● EXERCISE DIRECTIONS
Print every record exactly, but leave out the pictures.

● AVAILABLE RECORDS
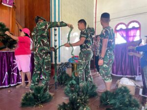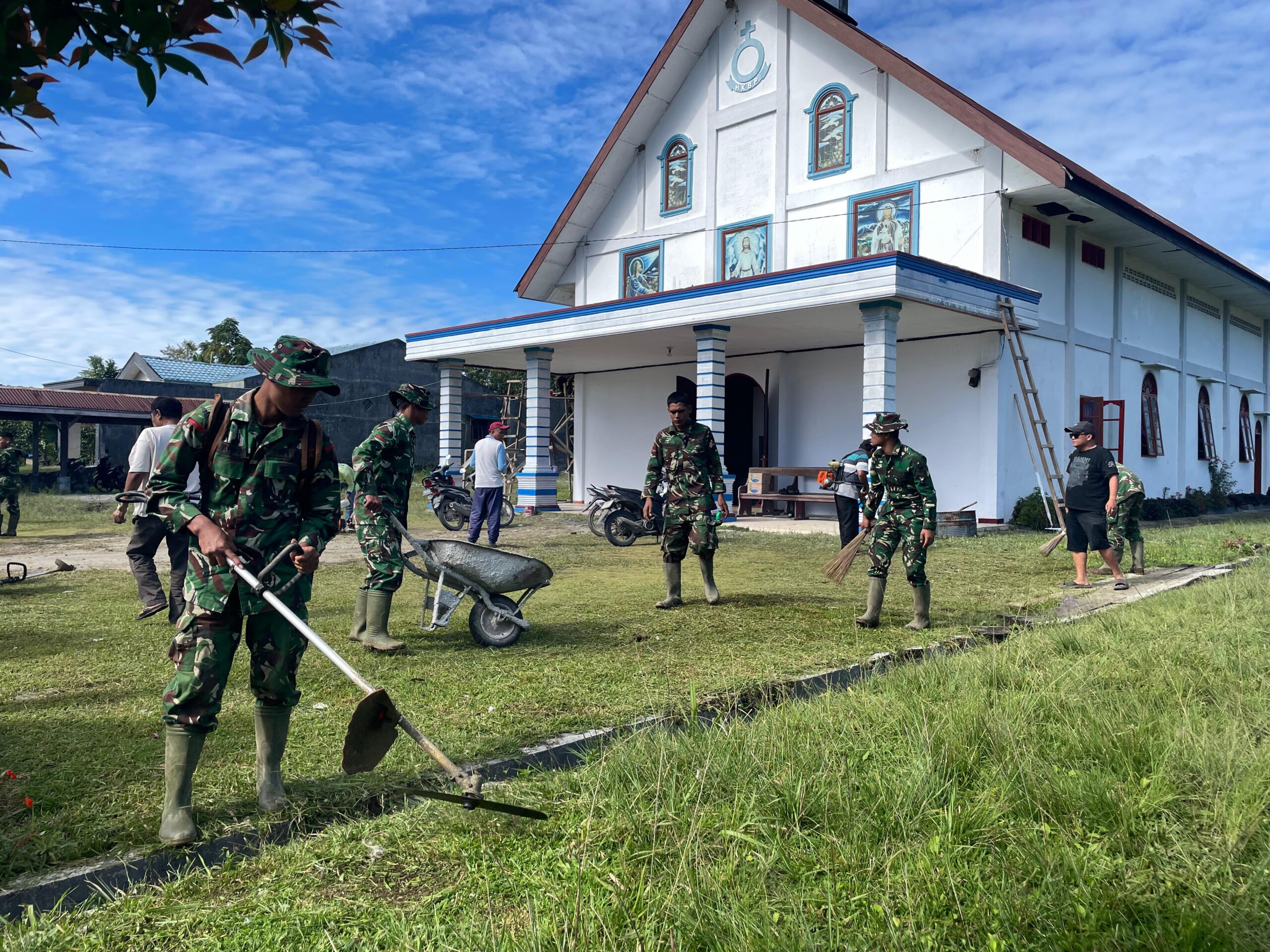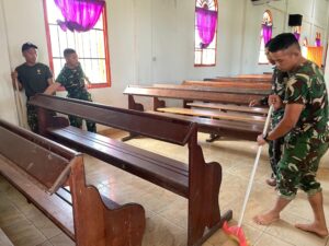 Proses kerja bakti dimulai sejak pagi dengan pembersihan halaman gereja menggunakan mesin pemotong rumput, peralatan kebersihan manual, serta penataan bunga di area taman sekitar gereja. Tidak hanya bagian luar, para prajurit dan warga juga menata kebersihan ruangan dalam gereja, membersihkan sawang-sawang di langit-langit, mengangkat debu pada bangku jemaat, dan merapikan area altar. Hasilnya, rumah ibadah terlihat lebih rapi, nyaman, dan tertata indah sebagai ruang sakral bagi umat yang beribadah.
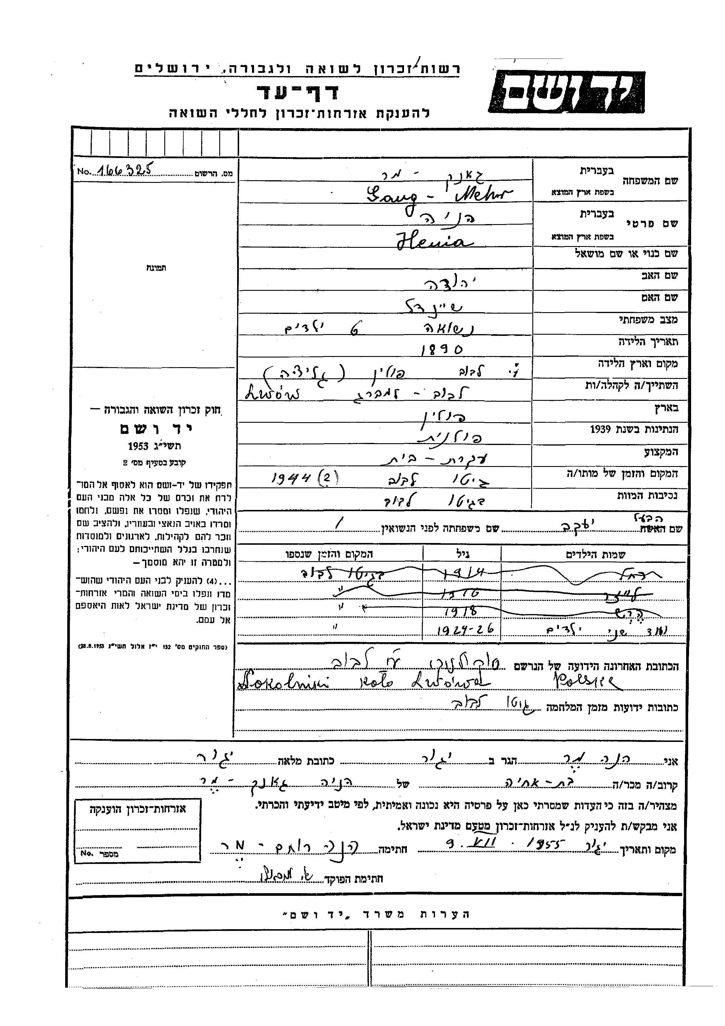 Mehr Gank First name unknown 1926 Sokolniki, Poland Page of Testimony
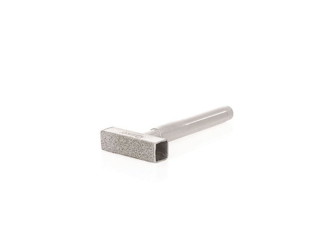 Výborný nástroj na zarovnávanie hrán a plôch brúsnych kotúčov. Rozmery pracovnej plochy : 45 x13 mm; dĺžka nástroja 110 mm. Vrúbkovaná rukoväť na pevné uchytenie.
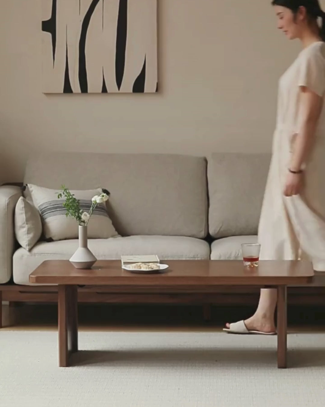 Simple and pure smooth lines, with full sense of design landing table legs. Calm and restrained yet light. The corners are rounded and polished, with round square in the middle, it gives it a softer architectural aesthetic. Selected imported Fraxinus mandshurica walnut color, elegant retro, texture such as water ripples. Thick and spacious table top, moderate height, as a tea table, can become a party elegant heaven and earth.
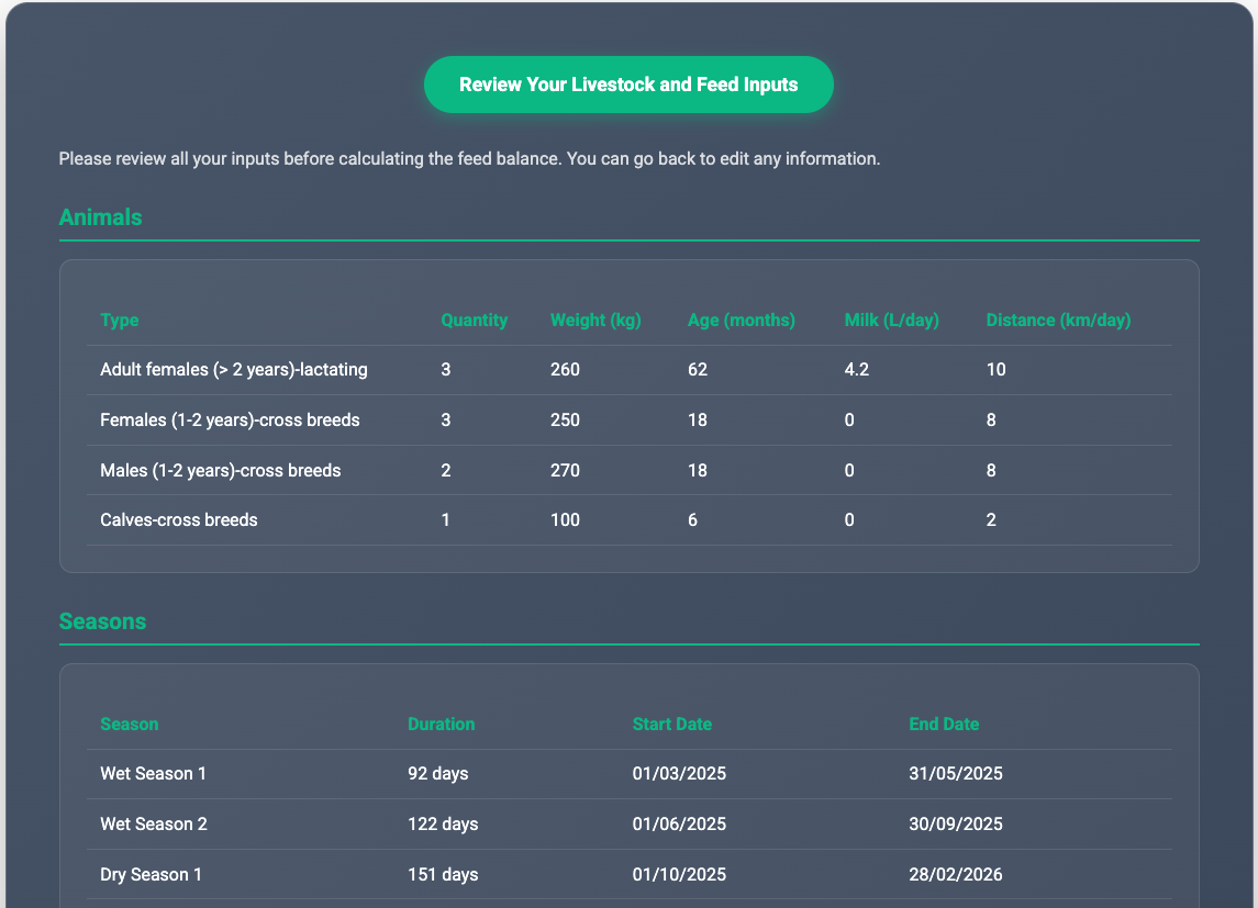 Livestock Feed Balance Results
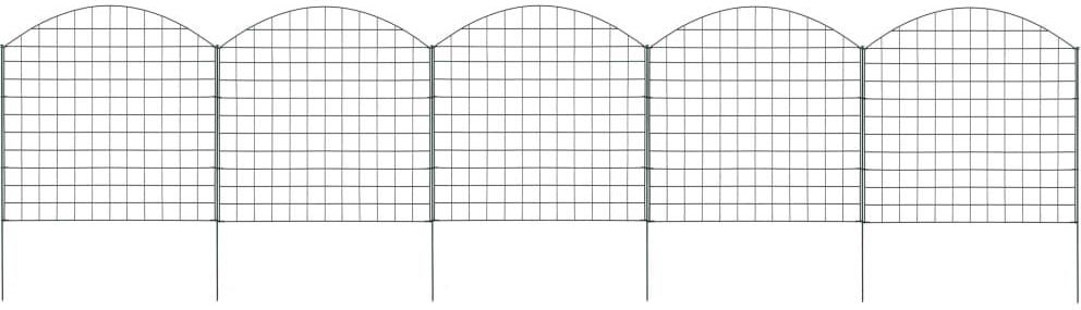 Płotek ogrodowy, łukowy, 77,5 x 78,5 cm, zielony vidaXL Kolor: Array Rozmiar: Array Ten zestaw ogrodzeniowy został zaprojektowany do wszechstronnego zastosowania, może więc posłużyć do zabezpieczenia dzieci przed wpadnięciem do stawów, strumieni czy basenów, jako oznaczenie granicy ogrodu, ogrodzenie, do stworzenia zagrody dla zwierząt i wielu innych celów. Ten zestaw ogrodzeniowy wykonano z malowanego proszkowo drutu stalowego, który jest odporny na rdzę i może zapewnić lata niezawodnego użytkowania na zewnątrz. Jest łatwy w montażu dzięki solidnym słupkom mocującym, które wprowadza się przez boczne przelotki elementów ogrodzenia, a następnie wbija w ziemię. W skład przesyłki wchodzi 5 paneli ogrodzeniowych i 6 słupków mocujących. Kolor: zielony Materiał: stalowy drut malowany proszkowo Wymiary każdego panelu: 775 x (640-785) mm (szer. x wys.) Wymiary słupków wspornikowych: 5,7 x 940 mm (śr. x wys.) Rozmiar nakładek na słupki: Ф 15 mm W skład przesyłki wchodzi 5 paneli z siatki i 6 słupków mocujących
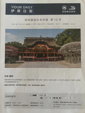 说实话,招商伊敦号停留在福冈的时间过长,可以说把广岛的时间都留给福冈了。再说福冈本来就是大型邮轮经常光顾的地方,游客既然都选择了招商伊敦,肯定希望船方把有限的时间留给新奇的地方,但愿以后招商维京在路线设计上能有所改进吧。
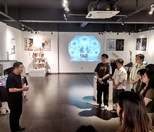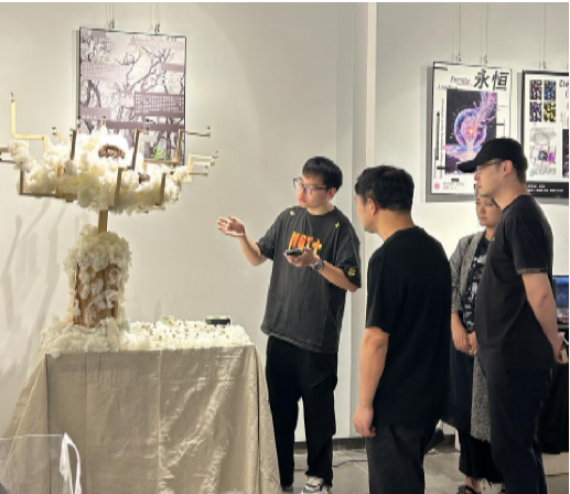 展览期间,设计艺术学院院长余剑峰、系主任袁冶莅临现场参观并听取学生讲解。每组同学均围绕自身创作的主题、理念与技术实现进行了深入阐述,展现出公共艺术专业学生扎实的理论基础与强烈的实验精神。参观结束后,余剑峰院长对本次展览给予了高度评价。随后,指导教师吕思训对本次展览进行了总结点评。
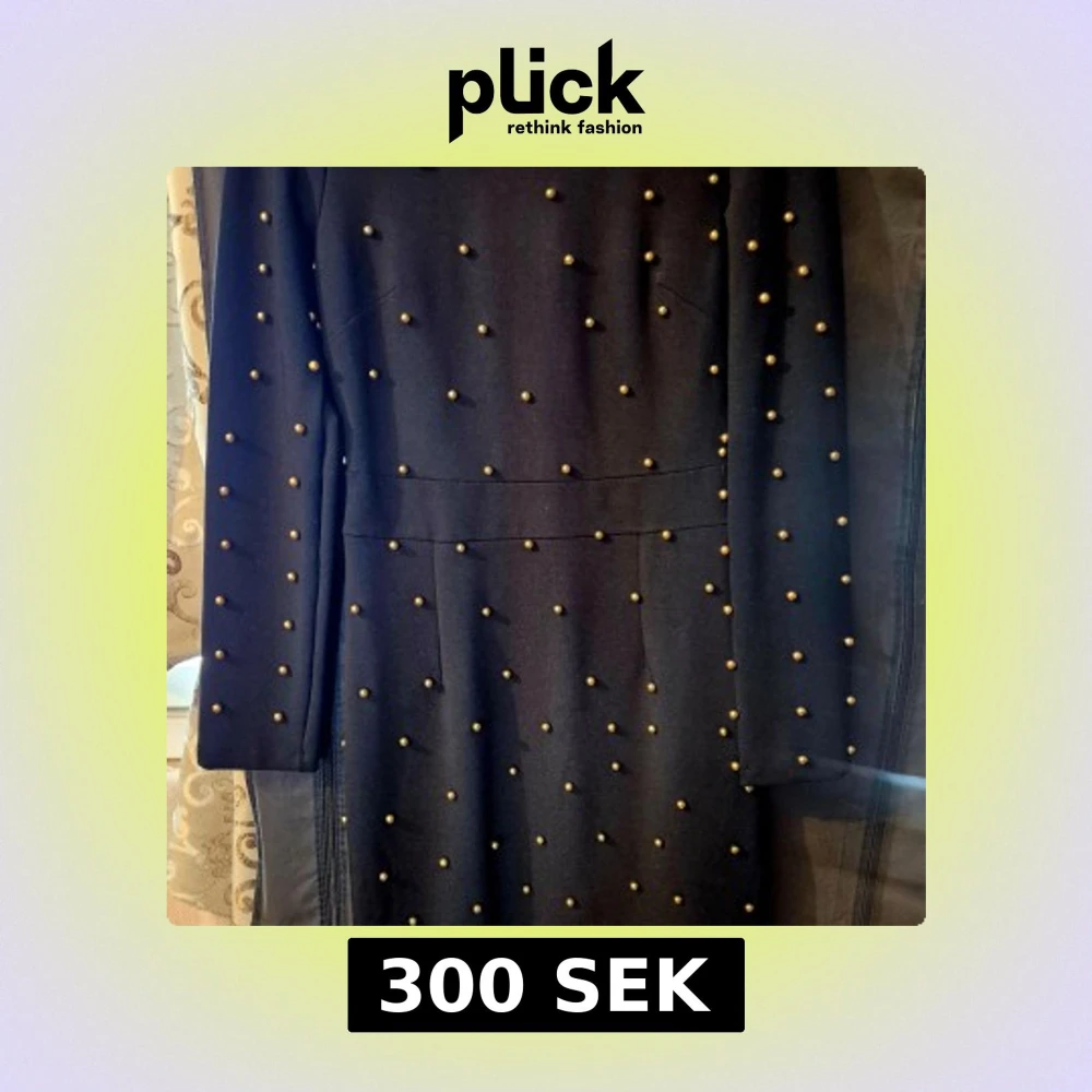 Elegant svart klänning dekorerad med små pärlor över hela ytan. Klänningen har långa ärmar och en figurnära passform som ger en stilren look. Perfekt för en kväll ute eller en speciell tillställning. Klänning har använts bara 1 gång

● ANSWER AREA
 Proses kerja bakti dimulai sejak pagi dengan pembersihan halaman gereja menggunakan mesin pemotong rumput, peralatan kebersihan manual, serta penataan bunga di area taman sekitar gereja. Tidak hanya bagian luar, para prajurit dan warga juga menata kebersihan ruangan dalam gereja, membersihkan sawang-sawang di langit-langit, mengangkat debu pada bangku jemaat, dan merapikan area altar. Hasilnya, rumah ibadah terlihat lebih rapi, nyaman, dan tertata indah sebagai ruang sakral bagi umat yang beribadah.
 Mehr Gank First name unknown 1926 Sokolniki, Poland Page of Testimony
 Výborný nástroj na zarovnávanie hrán a plôch brúsnych kotúčov. Rozmery pracovnej plochy : 45 x13 mm; dĺžka nástroja 110 mm. Vrúbkovaná rukoväť na pevné uchytenie.
 Simple and pure smooth lines, with full sense of design landing table legs. Calm and restrained yet light. The corners are rounded and polished, with round square in the middle, it gives it a softer architectural aesthetic. Selected imported Fraxinus mandshurica walnut color, elegant retro, texture such as water ripples. Thick and spacious table top, moderate height, as a tea table, can become a party elegant heaven and earth.
 Livestock Feed Balance Results
 Płotek ogrodowy, łukowy, 77,5 x 78,5 cm, zielony vidaXL Kolor: Array Rozmiar: Array Ten zestaw ogrodzeniowy został zaprojektowany do wszechstronnego zastosowania, może więc posłużyć do zabezpieczenia dzieci przed wpadnięciem do stawów, strumieni czy basenów, jako oznaczenie granicy ogrodu, ogrodzenie, do stworzenia zagrody dla zwierząt i wielu innych celów. Ten zestaw ogrodzeniowy wykonano z malowanego proszkowo drutu stalowego, który jest odporny na rdzę i może zapewnić lata niezawodnego użytkowania na zewnątrz. Jest łatwy w montażu dzięki solidnym słupkom mocującym, które wprowadza się przez boczne przelotki elementów ogrodzenia, a następnie wbija w ziemię. W skład przesyłki wchodzi 5 paneli ogrodzeniowych i 6 słupków mocujących. Kolor: zielony Materiał: stalowy drut malowany proszkowo Wymiary każdego panelu: 775 x (640-785) mm (szer. x wys.) Wymiary słupków wspornikowych: 5,7 x 940 mm (śr. x wys.) Rozmiar nakładek na słupki: Ф 15 mm W skład przesyłki wchodzi 5 paneli z siatki i 6 słupków mocujących
 说实话,招商伊敦号停留在福冈的时间过长,可以说把广岛的时间都留给福冈了。再说福冈本来就是大型邮轮经常光顾的地方,游客既然都选择了招商伊敦,肯定希望船方把有限的时间留给新奇的地方,但愿以后招商维京在路线设计上能有所改进吧。
 展览期间,设计艺术学院院长余剑峰、系主任袁冶莅临现场参观并听取学生讲解。每组同学均围绕自身创作的主题、理念与技术实现进行了深入阐述,展现出公共艺术专业学生扎实的理论基础与强烈的实验精神。参观结束后,余剑峰院长对本次展览给予了高度评价。随后,指导教师吕思训对本次展览进行了总结点评。
 Elegant svart klänning dekorerad med små pärlor över hela ytan. Klänningen har långa ärmar och en figurnära passform som ger en stilren look. Perfekt för en kväll ute eller en speciell tillställning. Klänning har använts bara 1 gång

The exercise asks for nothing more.